The court further noted that:
[Equitable] estoppel is predicated on proof of two essential elements; the party against whom estoppel is claimed must do or say something calculated or intended to induce another party to believe that certain facts exist and to act on that belief; and the other party must change its position in reliance on those facts, thereby incurring some injury. [Additionally,] it is the burden of the person claiming the estoppel to show that he exercised due diligence to ascertain the truth and that he not only lacked knowledge of the true state of things but had no convenient means of acquiring that knowledge.
(Citations omitted; internal quotation marks omitted.) Id.

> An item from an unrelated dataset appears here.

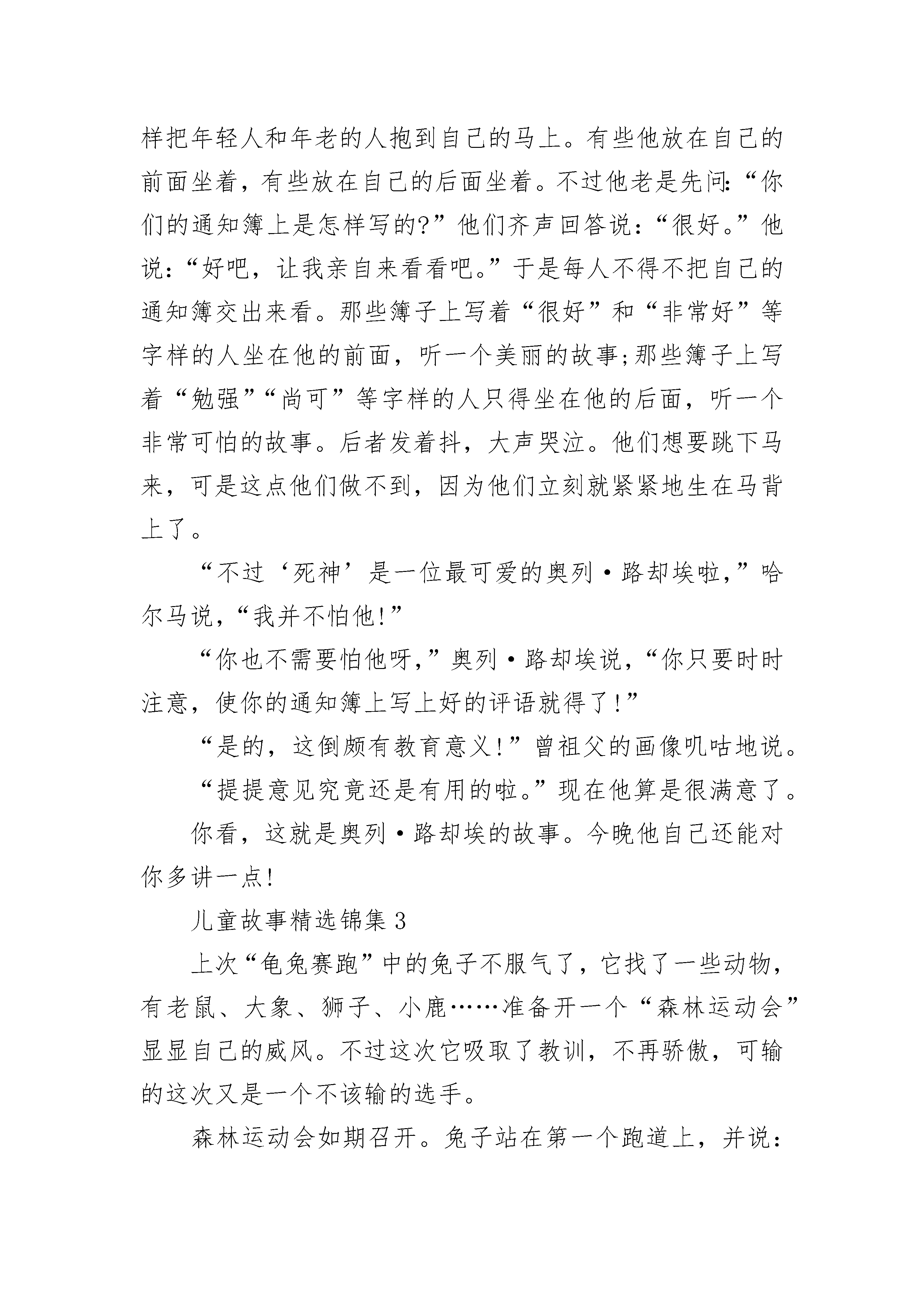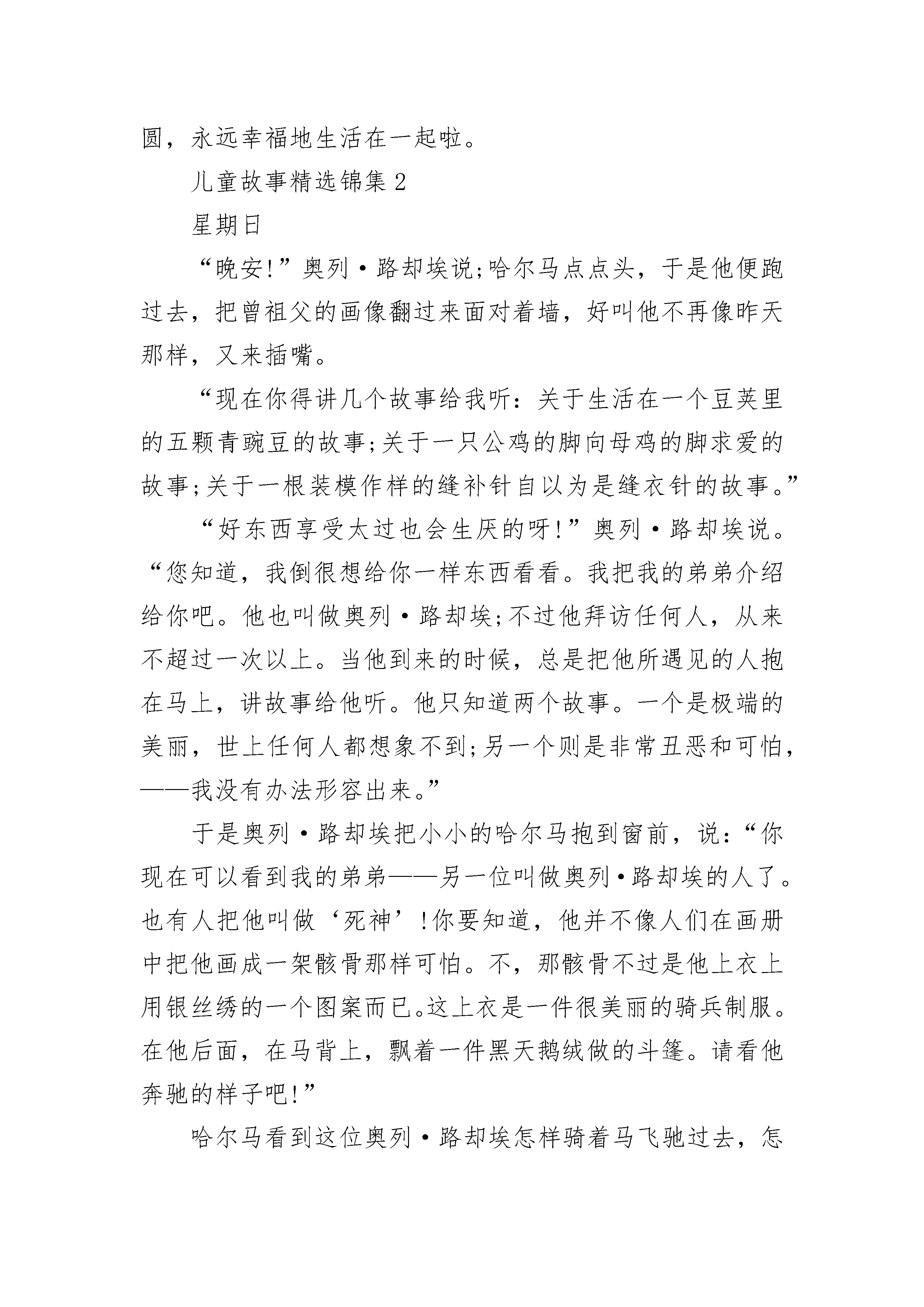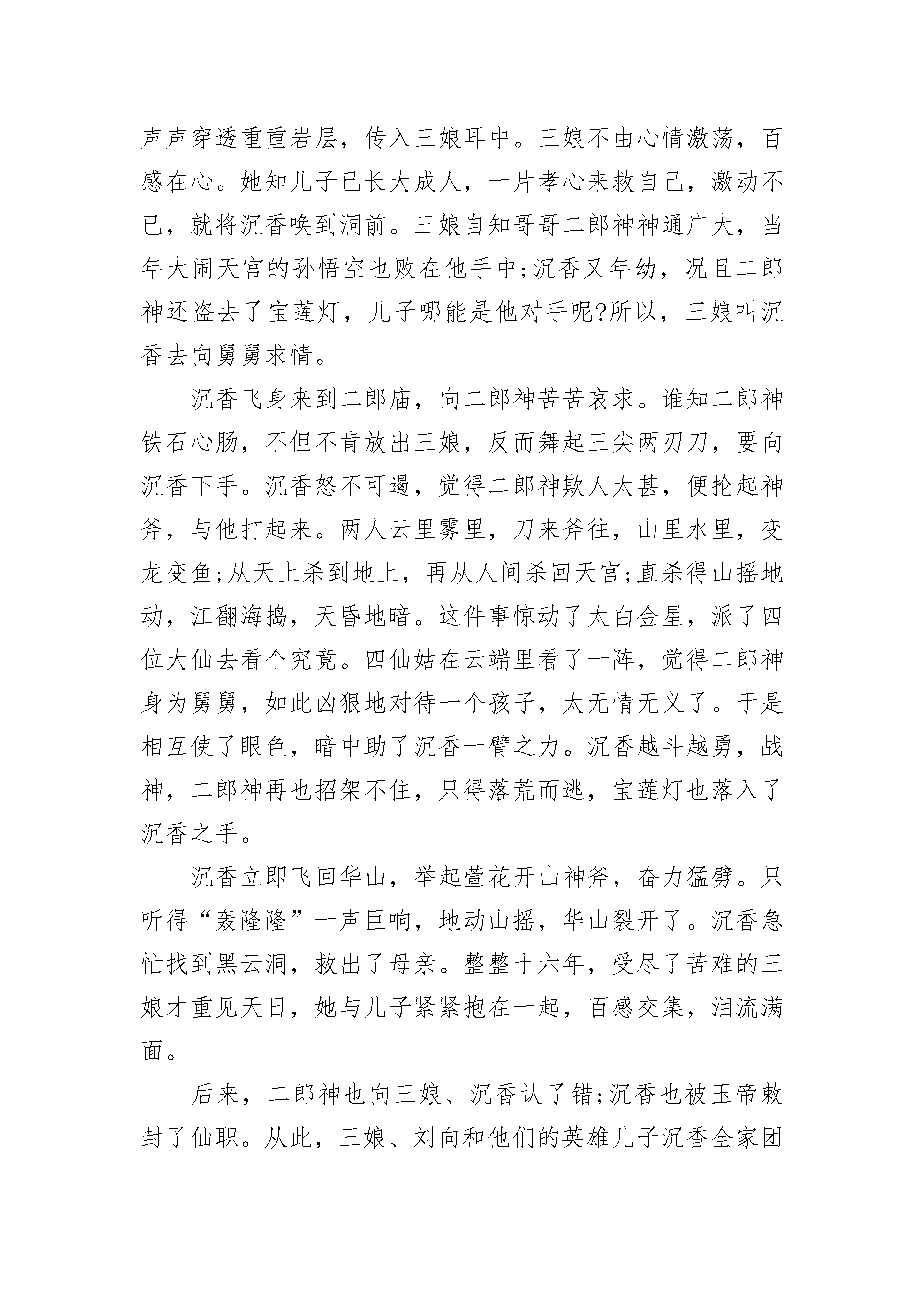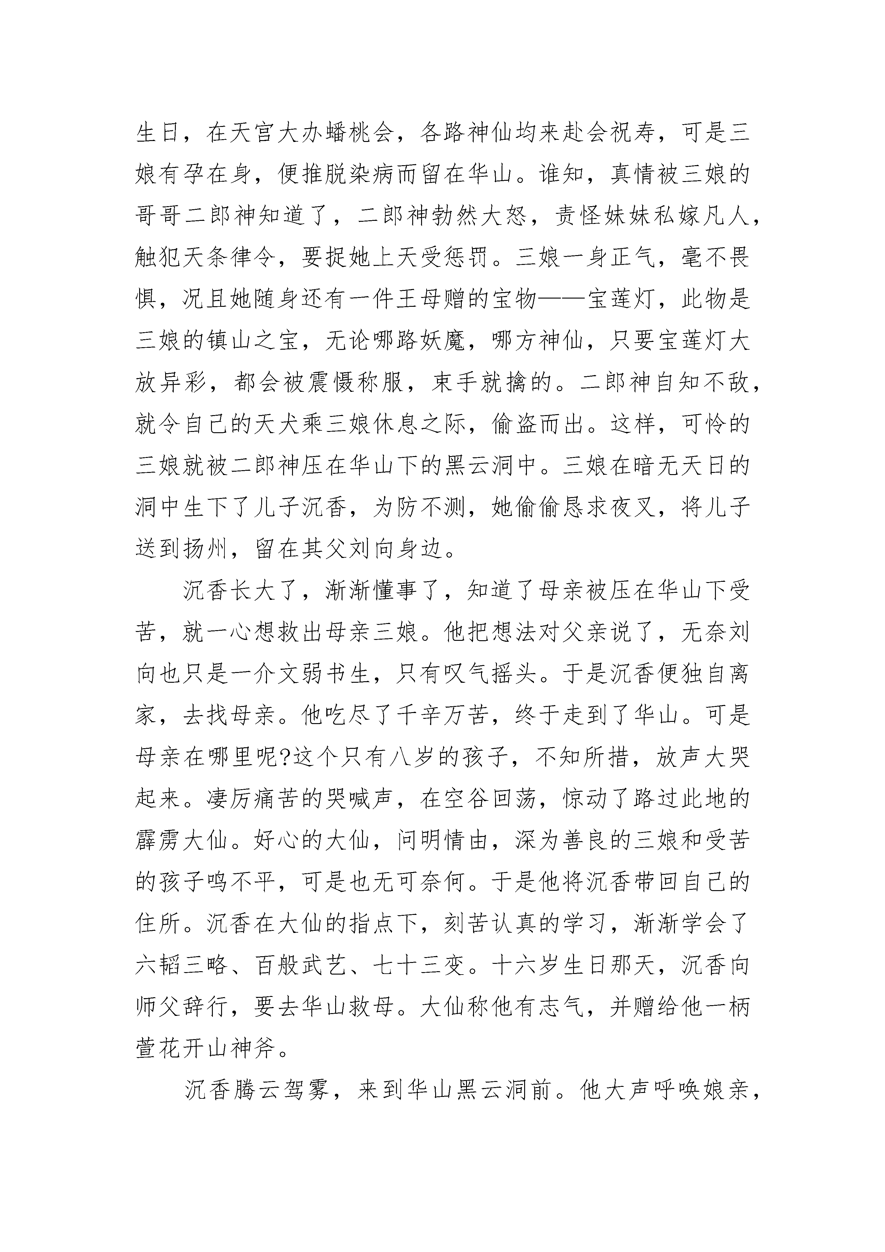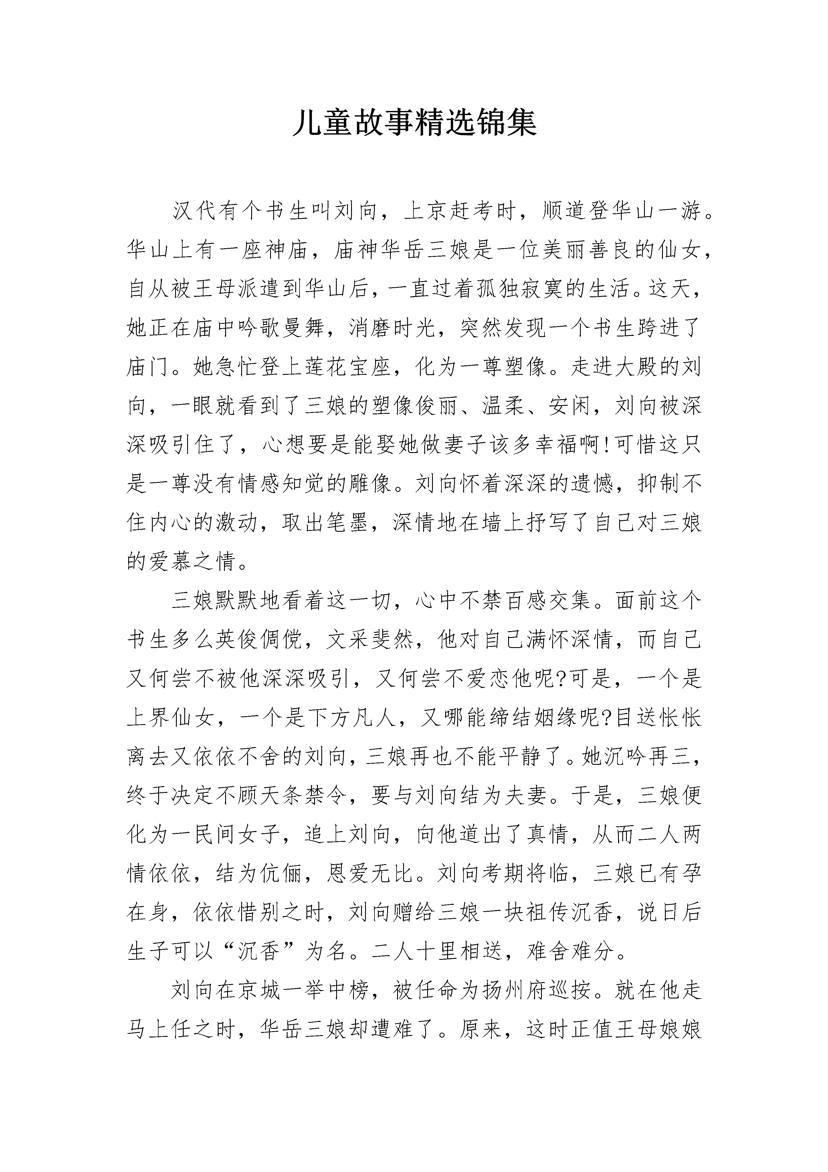 儿童故事精选锦集汉代有个书生叫刘向,上京赶考时,顺道登华山一游。华山上有一座神庙,庙神华岳三娘是一位美丽善良的仙女,自从被王母派遣到华山后,一直过着孤独寂寞的生活。这天,她正在庙中吟歌曼舞,消磨时光,突然发现一个书生跨进了庙门。她急忙登上莲花宝座,化为一尊塑像。走进大殿的刘向,一眼就看到了三娘的塑像俊丽、温柔、安闲,刘向被深深吸引住了,心想要是能娶她做妻子该多幸福啊!可惜这只是一尊没有情感知觉的雕像。刘向怀着深深的遗憾,抑制不住内心的激动,取出笔墨,深情地在墙上抒写了自己对三娘的爱慕之情。三娘默默地看着这一切,心中不禁百感交集。面前这个书生多么英俊倜傥,文采斐然,他对自己满怀深情,而自己又何尝不被他深深吸引,又何尝不爱恋他呢?可是,一个是上界仙女,一个是下方凡人,又哪能缔结姻缘呢?目送怅怅离去又依依不舍的刘向,三娘再也不能平静了。她沉吟再三,终于决定不顾天条禁令,要与刘向结为夫妻。于是,三娘便化为一民间女子,追上刘向,向他道出了真情,从而二人两情依依,结为伉俪,恩爱无比。刘向考期将临,三娘已有孕在身,依依惜别之时,刘向赠给三娘一块祖传沉香,说日后生子可以“沉香”为名。二人十里相送,难舍难分。刘向在京城一举中榜,被任命为扬州府巡按。就在他走马上任之时,华岳三娘却遭难了。原来,这时正值王母娘娘生日,在天宫大办蟠桃会,各路神仙均来赴会祝寿,可是三娘有孕在身,便推脱染病而留在华山。谁知,真情被三娘的哥哥二郎神知道了,二郎神勃然大怒,责怪妹妹私嫁凡人,触犯天条律令,要捉她上天受惩罚。三娘一身正气,毫不畏惧,况且她随身还有一件王母赠的宝物——宝莲灯,此物是三娘的镇山之宝,无论哪路妖魔,哪方神仙,只要宝莲灯大放异彩,都会被震慑称服,束手就擒的。二郎神自知不敌,就令自己的天犬乘三娘休息之际,偷盗而出。这样,可怜的三娘就被二郎神压在华山下的黑云洞中。三娘在暗无天日的洞中生下了儿子沉香,为防不测,她偷偷恳求夜叉,将儿子送到扬州,留在其父刘向身边。沉香长大了,渐渐懂事了,知道了母亲被压在华山下受苦,就一心想救出母亲三娘。他把想法对父亲说了,无奈刘向也只是一介文弱书生,只有叹气摇头。于是沉香便独自离家,去找母亲。他吃尽了千辛万苦,终于走到了华山。可是母亲在哪里呢?这个只有八岁的孩子,不知所措,放声大哭起来。凄厉痛苦的哭喊声,在空谷回荡,惊动了路过此地的霹雳大仙。好心的大仙,问明情由,深为善良的三娘和受苦的孩子鸣不平,可是也无可奈何。于是他将沉香带回自己的住所。沉香在大仙的指点下,刻苦认真的学习,渐渐学会了六韬三略、百般武艺、七十三变。十六岁生日那天,沉香向师父辞行,要去华山救母。大仙称他有志气,并赠给他一柄萱花开山神斧。沉香腾云驾雾,来到华山黑云洞前。他大声呼唤娘亲,声声穿透重重岩层,传入三娘耳中。三娘不由心情激荡,百感在心。她知儿子已长大成人,一片孝心来救自己,激动不已,就将沉香唤到洞前。三娘自知哥哥二郎神神通广大,当年大闹天宫的孙悟空也败在他手中;沉香又年幼,况且二郎神还盗去了宝莲灯,儿子哪能是他对手呢?所以,三娘叫沉香去向舅舅求情。沉香飞身来到二郎庙,向二郎神苦苦哀求。谁知二郎神铁石心肠,不但不肯放出三娘,反而舞起三尖两刃刀,要向沉香下手。沉香怒不可遏,觉得二郎神欺人太甚,便抡起神斧,与他打起来。两人云里雾里,刀来斧往,山里水里,变龙变鱼;从天上杀到地上,再从人间杀回天宫;直杀得山摇地动,江翻海捣,天昏地暗。这件事惊动了太白金星,派了四位大仙去看个究竟。四仙姑在云端里看了一阵,觉得二郎神身为舅舅,如此凶狠地对待一个孩子,太无情无义了。于是相互使了眼色,暗中助了沉香一臂之力。沉香越斗越勇,战神,二郎神再也招架不住,只得落荒而逃,宝莲灯也落入了沉香之手。沉香立即飞回华山,举起萱花开山神斧,奋力猛劈。只听得“轰隆隆”一声巨响,地动山摇,华山裂开了。沉香急忙找到黑云洞,救出了母亲。整整十六年,受尽了苦难的三娘才重见天日,她与儿子紧紧抱在一起,百感交集,泪流满面。后来,二郎神也向三娘、沉香认了错;沉香也被玉帝敕封了仙职。从此,三娘、刘向和他们的英雄儿子沉香全家团圆,永远幸福地生活在一起啦。儿童故事精选锦集2星期日“晚安!”奥列·路却埃说;哈尔马点点头,于是他便跑过去,把曾祖父的画像翻过来面对着墙,好叫他不再像昨天那样,又来插嘴。“现在你得讲几个故事给我听:关于生活在一个豆荚里的五颗青豌豆的故事;关于一只公鸡的脚向母鸡的脚求爱的故事;关于一根装模作样的缝补针自以为是缝衣针的故事。”“好东西享受太过也会生厌的呀!”奥列·路却埃说。“您知道,我倒很想给你一样东西看看。我把我的弟弟介绍给你吧。他也叫做奥列·路却埃;不过他拜访任何人,从来不超过一次以上。当他到来的时候,总是把他所遇见的人抱在马上,讲故事给他听。他只知道两个故事。一个是极端的美丽,世上任何人都想

It is the opinion of the court that even if the defendants induced the plaintiff to believe that they had signed the contract by asking the plaintiff to begin renovations, and even if the plaintiff relied on the fact that the periodic payments made by the defendants insured the contract's validity, the plaintiff has failed to offer any evidence that it exercised due diligence in ascertaining whether the defendants had signed and accepted the contract, or that it lacked a convenient means of acquiring that knowledge.
Furthermore, as the court in Wadia stated: "[W]e cannot apply the doctrine of equitable estoppel in a case in which the party requesting relief claims ignorance of the laws governing his own profession, when such ignorance of the law is the primary cause of his need for relief." (Citation omitted.) Wadia, supra, 253, n. 7. CT Page 4061
Although the Supreme Court has not yet decided the applicability of an equitable estoppel claim to the protection afforded homeowners under the Home Improvement Act, the plaintiff has, nevertheless, failed to establish the necessary factual predicate to sustain an action under the doctrine of equitable estoppel as outlined in Wadia. Accordingly, for the reasons above stated, the defendants' motion for summary judgment is granted.